====== INFORMATION
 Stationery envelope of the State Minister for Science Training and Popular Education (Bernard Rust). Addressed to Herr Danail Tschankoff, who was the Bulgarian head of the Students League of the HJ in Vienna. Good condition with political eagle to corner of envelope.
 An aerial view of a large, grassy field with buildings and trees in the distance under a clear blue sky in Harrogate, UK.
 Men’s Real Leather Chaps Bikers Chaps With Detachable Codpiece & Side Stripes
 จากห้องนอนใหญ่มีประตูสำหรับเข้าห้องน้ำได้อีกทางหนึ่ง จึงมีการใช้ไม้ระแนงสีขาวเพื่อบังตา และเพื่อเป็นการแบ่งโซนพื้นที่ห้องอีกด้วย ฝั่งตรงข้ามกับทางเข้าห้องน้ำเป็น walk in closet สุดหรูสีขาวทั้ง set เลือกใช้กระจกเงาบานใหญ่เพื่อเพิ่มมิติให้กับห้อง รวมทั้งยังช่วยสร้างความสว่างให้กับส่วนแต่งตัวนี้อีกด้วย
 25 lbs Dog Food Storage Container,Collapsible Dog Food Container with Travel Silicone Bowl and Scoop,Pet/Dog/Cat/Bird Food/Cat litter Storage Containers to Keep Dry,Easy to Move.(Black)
============
====== INFORMATION
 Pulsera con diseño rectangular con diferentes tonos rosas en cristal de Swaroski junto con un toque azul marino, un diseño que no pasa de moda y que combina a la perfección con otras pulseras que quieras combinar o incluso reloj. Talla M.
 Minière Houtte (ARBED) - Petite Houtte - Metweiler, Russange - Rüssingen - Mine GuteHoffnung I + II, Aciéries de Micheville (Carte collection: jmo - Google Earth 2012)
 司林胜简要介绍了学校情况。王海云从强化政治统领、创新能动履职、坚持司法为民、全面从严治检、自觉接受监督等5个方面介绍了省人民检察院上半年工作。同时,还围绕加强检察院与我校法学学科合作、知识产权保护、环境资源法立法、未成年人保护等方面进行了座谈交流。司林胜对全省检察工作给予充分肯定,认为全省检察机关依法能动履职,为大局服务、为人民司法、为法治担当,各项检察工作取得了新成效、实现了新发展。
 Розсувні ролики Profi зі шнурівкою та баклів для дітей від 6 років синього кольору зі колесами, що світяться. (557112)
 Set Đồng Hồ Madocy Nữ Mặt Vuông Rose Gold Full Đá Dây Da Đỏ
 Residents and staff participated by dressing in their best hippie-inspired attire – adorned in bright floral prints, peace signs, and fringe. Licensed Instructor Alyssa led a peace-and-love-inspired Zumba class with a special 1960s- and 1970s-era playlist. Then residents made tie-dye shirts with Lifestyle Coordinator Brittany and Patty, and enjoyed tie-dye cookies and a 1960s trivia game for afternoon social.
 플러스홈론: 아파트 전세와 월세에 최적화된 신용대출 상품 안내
============
====== INFORMATION
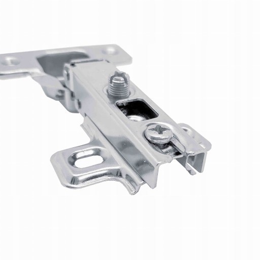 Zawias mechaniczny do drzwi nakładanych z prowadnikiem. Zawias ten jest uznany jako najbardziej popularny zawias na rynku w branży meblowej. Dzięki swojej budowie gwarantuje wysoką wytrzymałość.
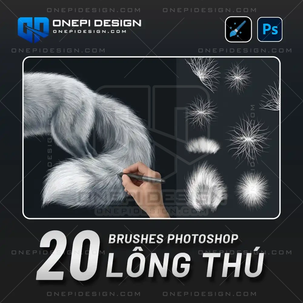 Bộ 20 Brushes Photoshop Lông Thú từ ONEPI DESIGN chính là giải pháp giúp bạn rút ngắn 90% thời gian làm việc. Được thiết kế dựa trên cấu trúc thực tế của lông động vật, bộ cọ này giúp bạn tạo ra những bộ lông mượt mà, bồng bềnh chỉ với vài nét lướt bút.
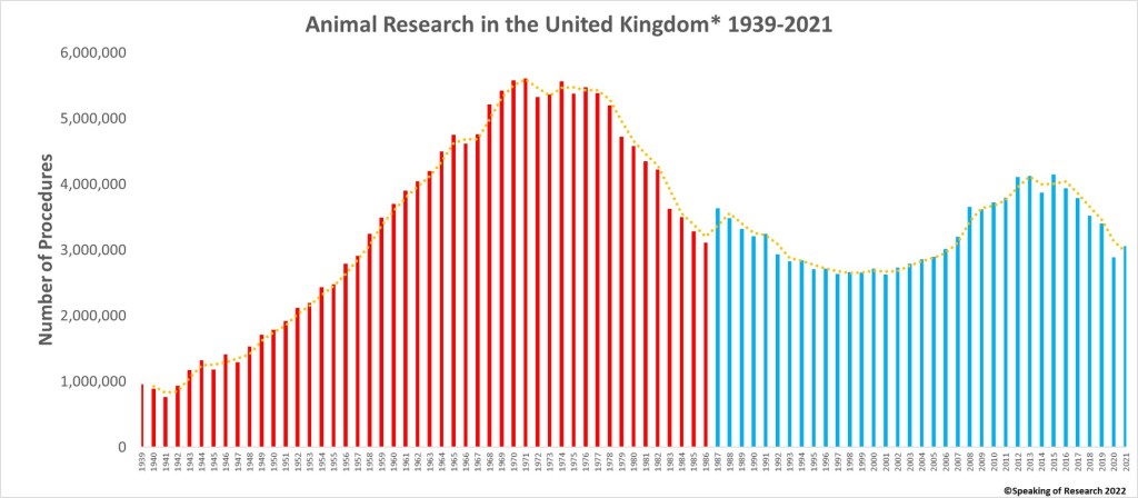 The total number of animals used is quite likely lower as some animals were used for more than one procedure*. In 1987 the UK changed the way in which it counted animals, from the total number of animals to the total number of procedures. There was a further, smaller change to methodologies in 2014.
============
• TASK
Using the records above, restate word for word the lines from the one with "Men’s Real Leather" through the one with "25 lbs Dog Food", both included.

• RESULT BELOW
 Men’s Real Leather Chaps Bikers Chaps With Detachable Codpiece & Side Stripes
 จากห้องนอนใหญ่มีประตูสำหรับเข้าห้องน้ำได้อีกทางหนึ่ง จึงมีการใช้ไม้ระแนงสีขาวเพื่อบังตา และเพื่อเป็นการแบ่งโซนพื้นที่ห้องอีกด้วย ฝั่งตรงข้ามกับทางเข้าห้องน้ำเป็น walk in closet สุดหรูสีขาวทั้ง set เลือกใช้กระจกเงาบานใหญ่เพื่อเพิ่มมิติให้กับห้อง รวมทั้งยังช่วยสร้างความสว่างให้กับส่วนแต่งตัวนี้อีกด้วย
 25 lbs Dog Food Storage Container,Collapsible Dog Food Container with Travel Silicone Bowl and Scoop,Pet/Dog/Cat/Bird Food/Cat litter Storage Containers to Keep Dry,Easy to Move.(Black)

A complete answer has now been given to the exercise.